# New Richmond Ohio



## Steve3 (Apr 6, 2020)

A year ago today I found 17 on the 17th and 5 on April 12th.. I have flags still in place, but nothing so far, I’ve checked every day- I think we need 2 warm nights.


----------



## WX Bill (Apr 29, 2017)

Well as I’ve said during the last decade, April snow brings May showers. We have yet another week to get through the Upper Valley frost.


----------



## Steve3 (Apr 6, 2020)

Found 4 very small ones.. had to look for hours


----------



## Papa Beaver1963 (9 mo ago)

What county


----------



## Steve3 (Apr 6, 2020)

Clermount County hear New Richmond


----------



## Steve3 (Apr 6, 2020)

So I live on10 acres that I have intensively searched for 15 years.
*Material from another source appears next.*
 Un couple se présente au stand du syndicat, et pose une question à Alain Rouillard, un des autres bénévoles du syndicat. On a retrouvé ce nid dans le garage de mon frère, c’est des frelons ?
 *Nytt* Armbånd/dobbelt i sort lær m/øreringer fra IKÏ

The Morels I’ve found have always been in a small section,. Maybe 1/2 acre.. so I know where to look although I always look for new places (unsuccessfully so far) Last year I place flags whenever I found a morel (around 25 over 2 weeks my best) I’ve spent 2 hrs every day for the last 2 weeks, and have now found 8 that are flagged for the big hunt this weekend.. I think that here,. We need 2 warm days and things will really pop- which means we are just a week or 2 later than last year..


----------



## Steve3 (Apr 6, 2020)

Does anyone know if these two are different ? Grey vs yellow?


----------



## Steve3 (Apr 6, 2020)

Found 14 Saturday 23rd!


----------



## zinnas (Apr 5, 2016)

Cool! Looks good, we're supposed to have thunderstorms next week so I bet you that'll really make them pop up they say something about the thunder hitting the ground it does something to it I don't know but anyway good luck 🤞


----------



## zinnas (Apr 5, 2016)

Steve3 said:


> So I live on10 acres that I have intensively searched for 15 years. The Morels I’ve found have always been in a small section,. Maybe 1/2 acre.. so I know where to look although I always look for new places (unsuccessfully so far) Last year I place flags whenever I found a morel (around 25 over 2 weeks my best) I’ve spent 2 hrs every day for the last 2 weeks, and have now found 8 that are flagged for the big hunt this weekend.. I think that here,. We need 2 warm days and things will really pop- which means we are just a week or 2 later than last year..
> View attachment 42007
> 
> View attachment 42008


Boy you have a lot of land to look for the mushrooms my parents live on 21 acres in the country I've not been back there I don't know why but I'm going to try it this year but from what my sister said cuz she had pictures it's pretty wet like marshy wet I don't know but anyhow there's trees I'm going to try it good walk of nothing else.


----------